### INFORMATION GIVEN:
-*-*-

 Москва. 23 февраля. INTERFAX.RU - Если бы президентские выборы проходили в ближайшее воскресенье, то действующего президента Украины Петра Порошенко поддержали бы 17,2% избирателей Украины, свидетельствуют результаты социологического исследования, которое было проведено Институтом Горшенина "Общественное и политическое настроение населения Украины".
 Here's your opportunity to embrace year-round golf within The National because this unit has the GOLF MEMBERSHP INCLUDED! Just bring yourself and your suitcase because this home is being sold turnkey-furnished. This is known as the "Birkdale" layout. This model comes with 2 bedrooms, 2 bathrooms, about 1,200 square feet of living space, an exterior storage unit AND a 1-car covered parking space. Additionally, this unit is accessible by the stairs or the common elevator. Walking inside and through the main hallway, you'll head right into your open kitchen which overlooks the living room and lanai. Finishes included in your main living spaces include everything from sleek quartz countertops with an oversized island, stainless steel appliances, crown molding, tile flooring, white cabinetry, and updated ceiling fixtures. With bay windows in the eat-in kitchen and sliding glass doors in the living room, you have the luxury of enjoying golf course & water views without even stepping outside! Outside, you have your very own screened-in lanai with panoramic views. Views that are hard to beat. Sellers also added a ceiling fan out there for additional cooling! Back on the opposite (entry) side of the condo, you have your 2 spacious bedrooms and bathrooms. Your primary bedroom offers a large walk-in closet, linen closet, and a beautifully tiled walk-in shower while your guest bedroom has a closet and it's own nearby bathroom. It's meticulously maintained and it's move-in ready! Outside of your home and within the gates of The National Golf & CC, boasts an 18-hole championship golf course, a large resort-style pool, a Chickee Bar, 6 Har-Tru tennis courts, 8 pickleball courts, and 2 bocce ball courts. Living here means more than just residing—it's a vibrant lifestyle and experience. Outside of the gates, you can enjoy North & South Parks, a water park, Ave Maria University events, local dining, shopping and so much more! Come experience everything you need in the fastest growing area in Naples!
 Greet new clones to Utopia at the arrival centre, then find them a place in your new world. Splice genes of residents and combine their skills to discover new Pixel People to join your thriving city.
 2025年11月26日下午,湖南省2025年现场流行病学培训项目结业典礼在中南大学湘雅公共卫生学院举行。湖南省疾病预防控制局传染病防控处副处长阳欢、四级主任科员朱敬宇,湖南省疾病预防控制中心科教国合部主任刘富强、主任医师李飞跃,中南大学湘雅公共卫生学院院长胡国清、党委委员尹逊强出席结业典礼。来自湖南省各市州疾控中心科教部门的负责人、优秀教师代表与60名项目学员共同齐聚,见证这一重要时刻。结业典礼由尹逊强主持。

-*-*-

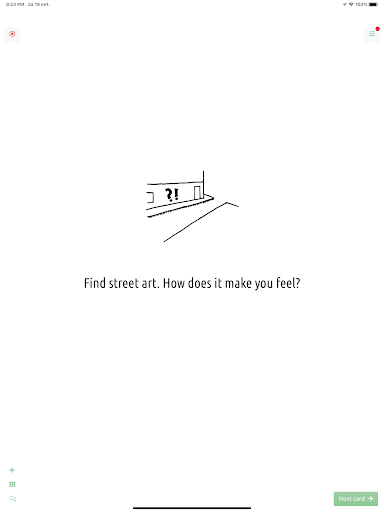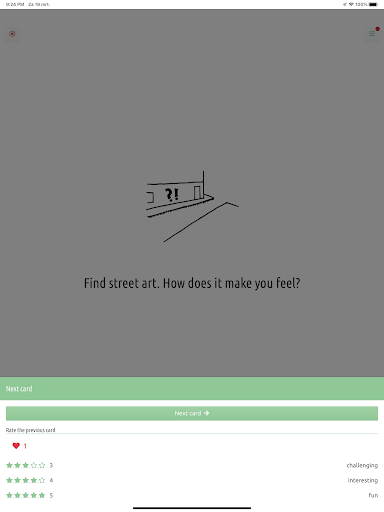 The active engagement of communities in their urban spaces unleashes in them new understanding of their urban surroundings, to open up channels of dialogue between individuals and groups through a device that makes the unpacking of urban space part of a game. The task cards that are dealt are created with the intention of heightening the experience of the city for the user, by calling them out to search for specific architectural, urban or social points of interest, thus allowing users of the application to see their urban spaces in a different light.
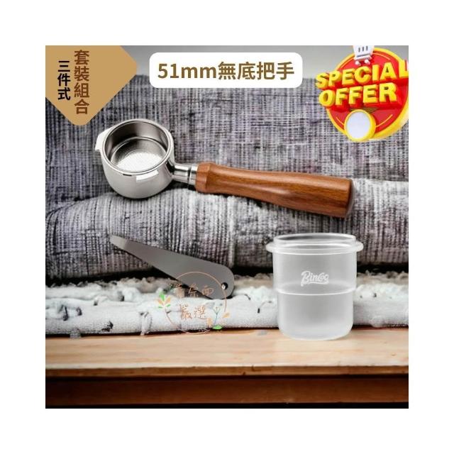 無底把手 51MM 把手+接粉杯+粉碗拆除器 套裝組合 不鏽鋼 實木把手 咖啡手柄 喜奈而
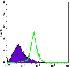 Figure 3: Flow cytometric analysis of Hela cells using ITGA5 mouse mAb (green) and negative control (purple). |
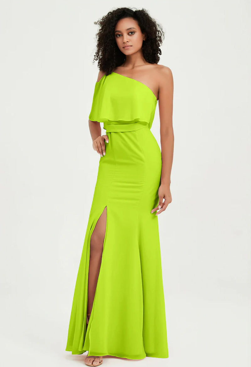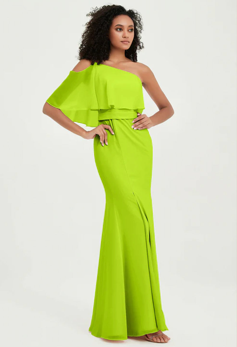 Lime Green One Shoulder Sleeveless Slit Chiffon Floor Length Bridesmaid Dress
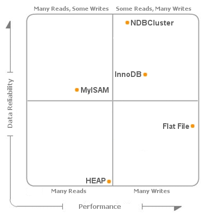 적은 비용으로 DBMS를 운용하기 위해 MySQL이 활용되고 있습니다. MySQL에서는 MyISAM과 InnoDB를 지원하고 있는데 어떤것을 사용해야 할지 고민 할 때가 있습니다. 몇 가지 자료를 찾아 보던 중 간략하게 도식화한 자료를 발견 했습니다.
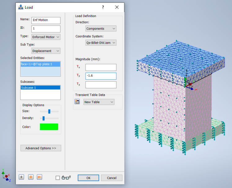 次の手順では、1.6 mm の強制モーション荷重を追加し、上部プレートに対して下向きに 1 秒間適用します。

-*-*-

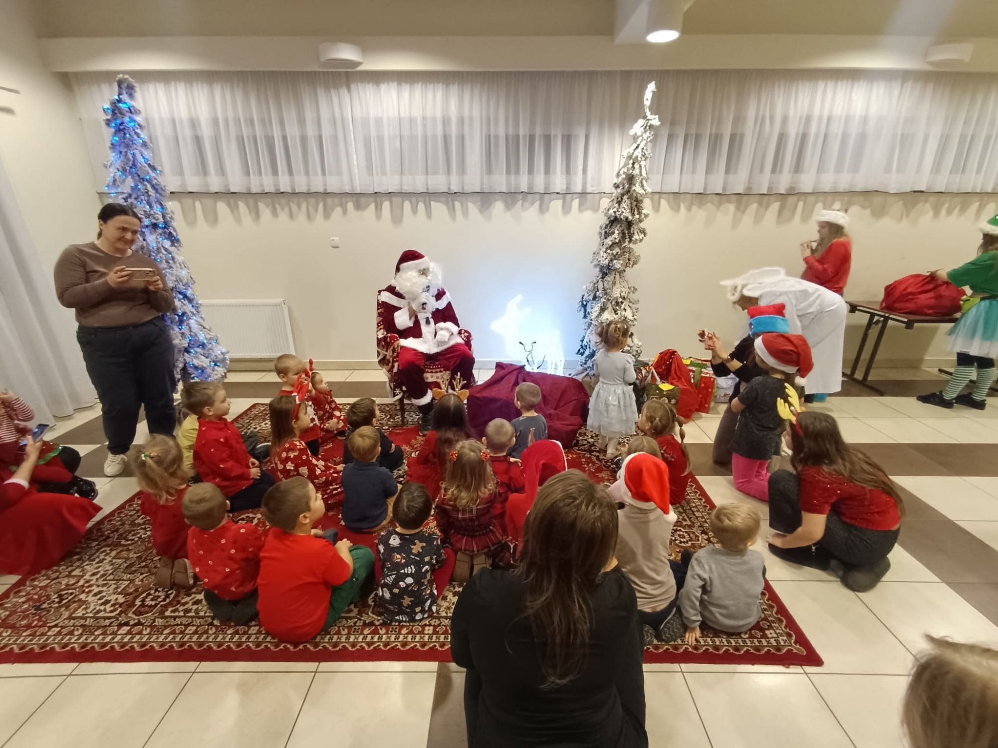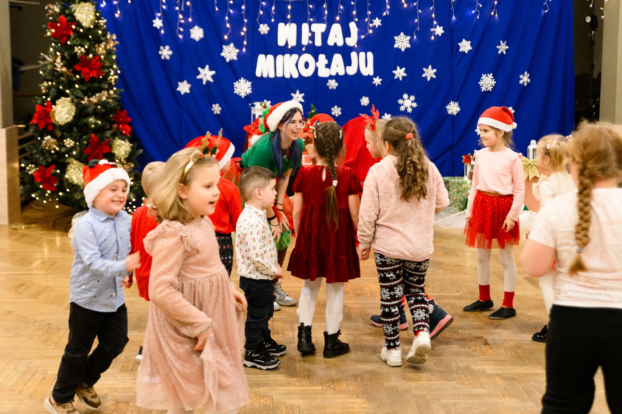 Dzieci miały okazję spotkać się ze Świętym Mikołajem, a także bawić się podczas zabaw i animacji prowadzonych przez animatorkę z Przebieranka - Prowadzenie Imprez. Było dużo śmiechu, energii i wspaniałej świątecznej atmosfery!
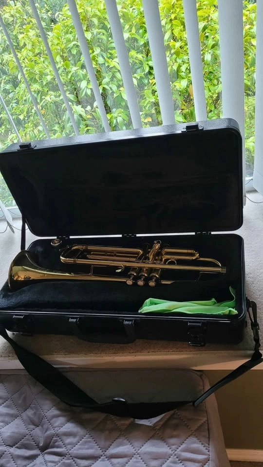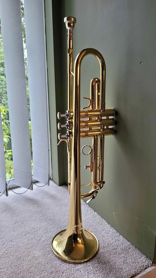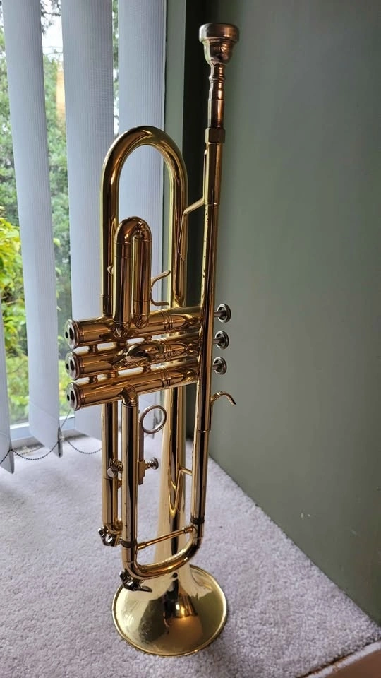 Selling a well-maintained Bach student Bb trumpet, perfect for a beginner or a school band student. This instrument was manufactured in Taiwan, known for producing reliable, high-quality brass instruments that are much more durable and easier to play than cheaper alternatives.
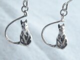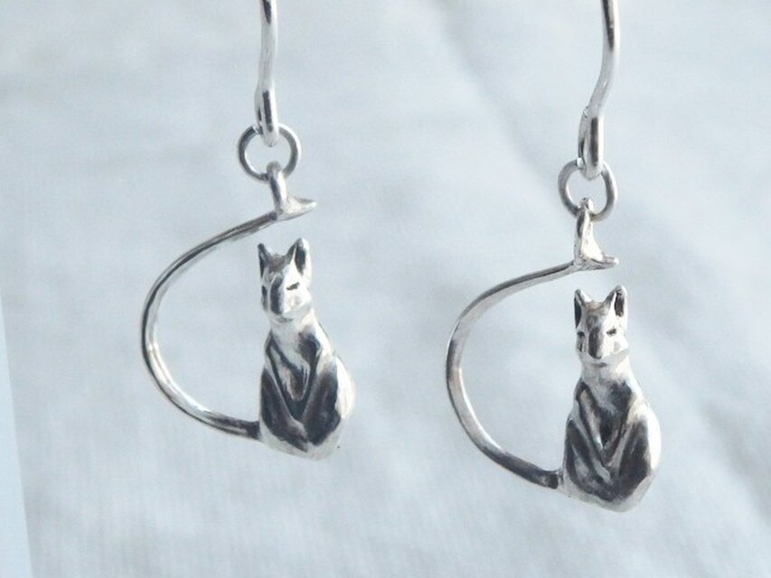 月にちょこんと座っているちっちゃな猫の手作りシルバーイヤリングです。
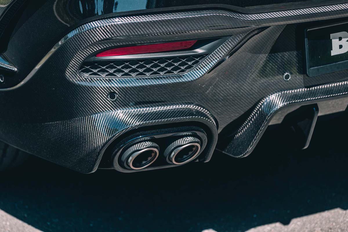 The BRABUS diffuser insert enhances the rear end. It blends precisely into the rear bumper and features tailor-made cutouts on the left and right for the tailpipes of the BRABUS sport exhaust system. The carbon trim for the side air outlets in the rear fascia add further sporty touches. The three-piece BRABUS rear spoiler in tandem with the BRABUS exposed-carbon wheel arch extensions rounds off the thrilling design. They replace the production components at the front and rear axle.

-*-*-

### TASK PROMPT:
Extract the part of the records that opens with the line containing "Figure 3: Flow" and closes with the line containing "次の手順では、1.6 mm の強制モーション荷重を追加し、上部プレートに対して下向きに". Take only those lines, exactly, and no pictures.

### EXERCISE SOLUTION:
 Figure 3: Flow cytometric analysis of Hela cells using ITGA5 mouse mAb (green) and negative control (purple). |
 Lime Green One Shoulder Sleeveless Slit Chiffon Floor Length Bridesmaid Dress
 적은 비용으로 DBMS를 운용하기 위해 MySQL이 활용되고 있습니다. MySQL에서는 MyISAM과 InnoDB를 지원하고 있는데 어떤것을 사용해야 할지 고민 할 때가 있습니다. 몇 가지 자료를 찾아 보던 중 간략하게 도식화한 자료를 발견 했습니다.
 次の手順では、1.6 mm の強制モーション荷重を追加し、上部プレートに対して下向きに 1 秒間適用します。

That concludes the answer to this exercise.